Well, it sounds like someone handed her a Watchtower and she really likes it.

As you noted, you can have her pastor try to explain that a being a good Christian is not incompatible with celebrating holidays or birthdays, and that being a good Christian requires her to provide for your sexual satisfaction.

Beyond that, you really cannot do much without threatening the family stability. Were I in your shoes, I would not rub your differences in her face and get a tree in the home despite her beliefs. But, I would set these boundaries: (1) Her beliefs will not interfere with your children celebrating wholesome, positive traditions and enjoying a nice upbringing, and (2) her beliefs will not interfere with the close extended family tradition in which you expect your kids to participate.

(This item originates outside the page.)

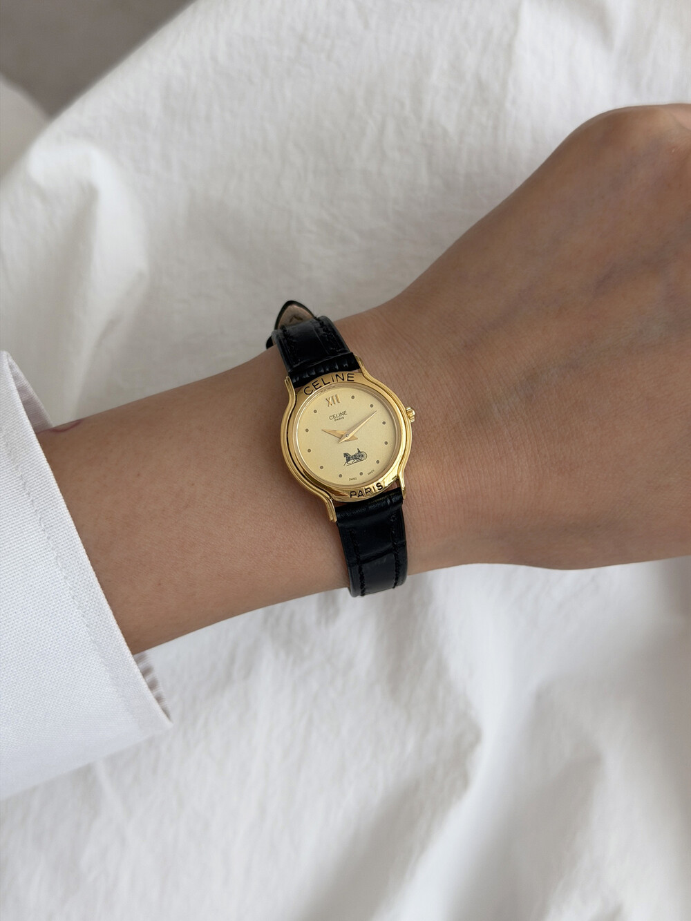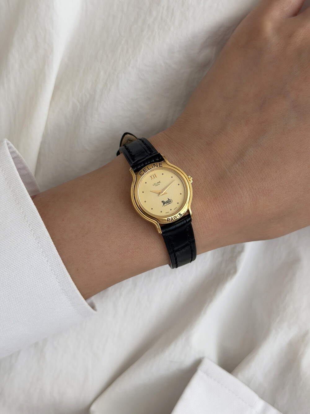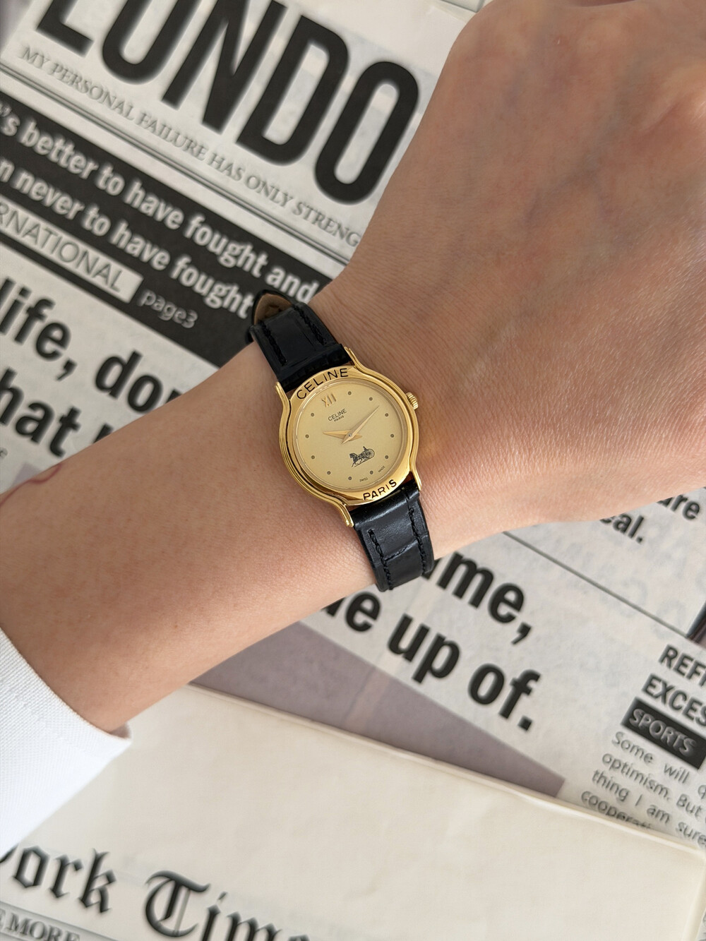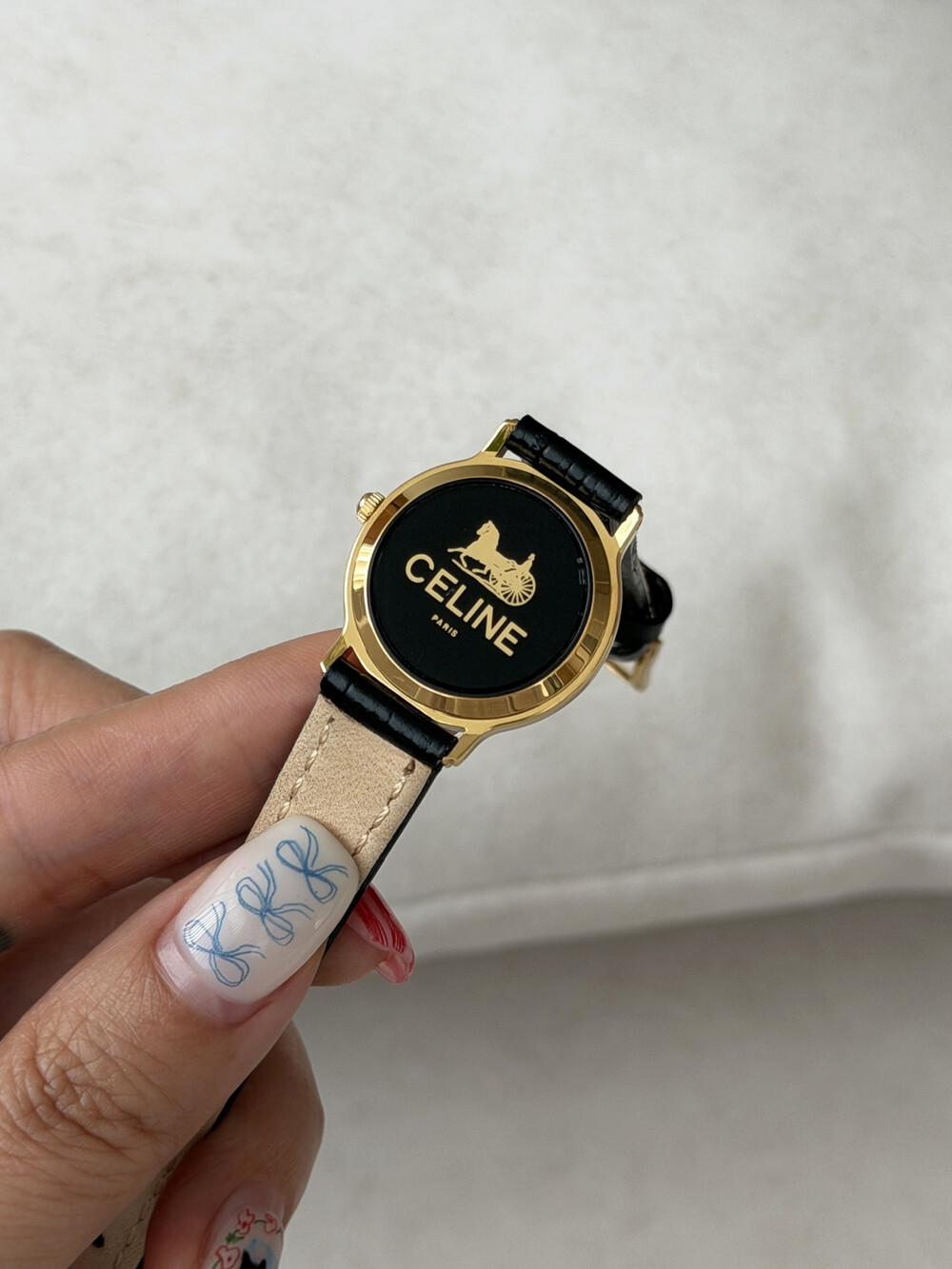 부드러운 골드 톤 케이스와 다이얼 위를 장식하는 셀린느 시그니처 마차 심볼이 매력적인 모델입니다.

I would go further and say that if she tries to badger or shame you or the kids into compliance with her value system, you will do your best to minimize her influence into the child's lives. Sounds harsh, but I simply (and firmly) believe that these are bizarre and dangerous cults not compatible with a happy and balanced life. I've known many people with these belief systems and they are harmful.


----------



## DrDavidCOlsen

It is not uncommon for people to become zealous in their faith. Fighting it will only make it worse. Try to understand more of where she is coming from from an empathic point of view. Be curious not argumentative. Encourage her to talk to other clergy but do not argue your point. Hopefully, this stage will give way to a more balanced spirituality. DrDavidCOlsen "The couple's survival workbook"


----------



## TrueLovely

Have you ever considered why you celebrate the holidays? probably because thats what you and generations before you have always done? why dont you research the roots of the holidays you so blindly ceelebrate, and see if they agree with the faith you profess? Why not create somthing you both can celebrate, that will honor your faith, and be somthing you can do as a family. I dont think you can be arrested for thinking outside the box, of holidays that may not be true to your faith. Just seems like it would stink, not to buld a family, because of a holiday, you dont even know the full meaning of.


----------



## forevermemorable

Okay, I can sympathize with your wife to a degree. My wife loves to celebrate birthdays...an old family tradition...what the heck...who doesn't have that family tradition.

Anyways, a few years back, I just starting despising birthdays. I thought logically about it...what a selfish celebration. Its all about giving glory to ourselves...what a load of garbage from the pit of hell (I still believe that). There is the idea that has been instilled in us to believe that we can have a special day that makes it all about us. The truth is, its not about us, its all about Jesus.

Okay, before people interject by calling me a religious fanatic or holy roller, or something else. I do not walk around saying Jesus this and Jesus that...that is just plain silly. I don't want to be so heavenly minded that I am no earthly good.

Never the less, my wife believes in the celebration of birthdays. So, as I have allowed the conviction of the Holy Spirit to speak to my heart, I have learned that I needed to show my wife love by accepting her views, even though I believe she is weak in this area, Paul wrote that we ought to accept those weak in faith, but not for the purpose of passing judgment. So, I have embraced the birthday traditions and my heart is NOT bittered anymore and my spirit is right. The posting by "Tanelornpete" is 100% right on!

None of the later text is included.